FRANKFURT/LONDON (Reuters) - Deutsche Telekom DTEGn.DE is mulling options for its underperforming T-Mobile USA unit, including an initial public offering or spin-off, sources familiar with the company's thinking said.
They said Deutsche Telekom had held initial talks with banks but no formal process was under way and an IPO was only one of several options, after the Wall Street Journal reported that the German company was preparing a U.S. IPO or spin-off.
However, most analysts agree an IPO would not be the best solution for Deutsche Telekom, which is also exploring a sale, an organic expansion or a partnership with another operator.
Valuation estimates varied hugely. Merck Finck bank said a sale of 20 percent of T-Mobile USA could bring proceeds of about 5 billion euros, or about $6.9 billion. But Macquarie analyst Phil Cusick estimated all of T-Mobile USA may have an equity value of $14 billion based on 2010 earnings estimates.
“It may be more a trial balloon to gauge the market’s assessment of what T-Mobile’s value is either for M&A activity or an out and out IPO,” said Scott Sweet, senior managing partner at advisory firm IPO Boutique.

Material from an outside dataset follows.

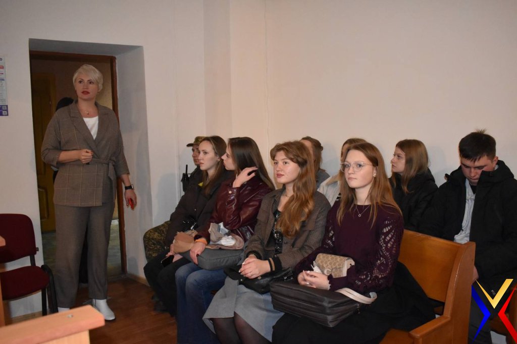 16 жовтня 2025 року студенти 3-го та 4-го курсів спеціальності Міжнародне право юридичного факультету Хмельницького університету управління та права імені Леоніда Юзькова відвідали судове засідання. Візит відбувся за ініціативи студентів, організований викладачем, доктором філософії за спеціальністю Право та практикуючою суддею Хмельницького міськрайонного суду Світланою Олександрівною Даньковою. Під час візиту студенти спостерігали за судовим розглядом кримінального провадження. Публічне обвинувачення у справі підтримував керівник Окружної прокуратури м. Хмельницького Ростислав Петраш. Окрім споглядання за процесуальними діями, студенти також мали нагоду звернути увагу на невід’ємні атрибути правосуддя. Відвідування суду стало практичним нагадуванням про Статтю 16 Закону України «Про судоустрій і статус суддів», яка визначає символи судової влади: Державний Герб та Прапор України, а також обов’язкове здійснення правосуддя суддею в мантії та з нагрудним знаком.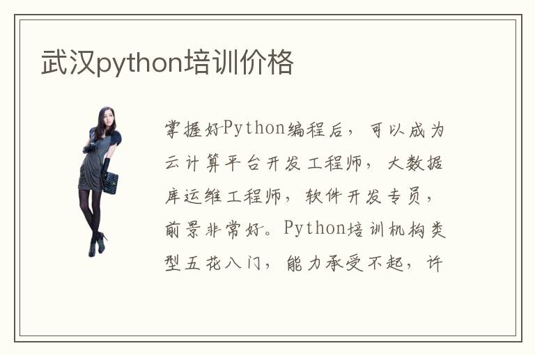 掌握好Python编程后,可以成为云计算平台开发工程师,大数据库运维工程师,软件开发专员,前景非常好。Python培训机构类型五花八门,能力承受不起,许多学生在考虑这些Python机构的时候会比较担心,找到劣质的培训机构那么可能就发挥不出成果,那么大家可以重点关注武汉Python培训机构排行榜,了解各种Python培训的教育指标以及教学任务、培训能力、基本的水准、师资力量等等。另外,在学习python编程课程时要有独立思考,不要指原来的培训班。python培训机构排名非常重要,因为在挑选辅导班时,需要综合对比,了解不同学校的优劣之处,如果排名比较靠后,没有全面的python课程,学习效果可能受到影响。

Sweet said T-Mobile USA is not a "must have" IPO, given its similarities to rivals Verizon Wireless and AT&T Inc T.N.
“It would seem to me Deutsche Telecom is looking to spin it off because they don’t see a strong cash flow from T-Mobile’s operations anymore,” Sweet said.
T-Mobile USA, once prized as Deutsche Telekom’s growth engine, struggled with a high rate of customer cancellations in 2009 and trailed its bigger rivals in building high-speed services. As a result, Deutsche Telekom has been searching for the right strategy for the distant No. 4 U.S. mobile service.
Deutsche Telekom and T-Mobile USA declined to comment.
Some analysts believe Deutsche Telekom will have to decide between quitting the United States or staying and investing more in order to boost growth at T-Mobile USA.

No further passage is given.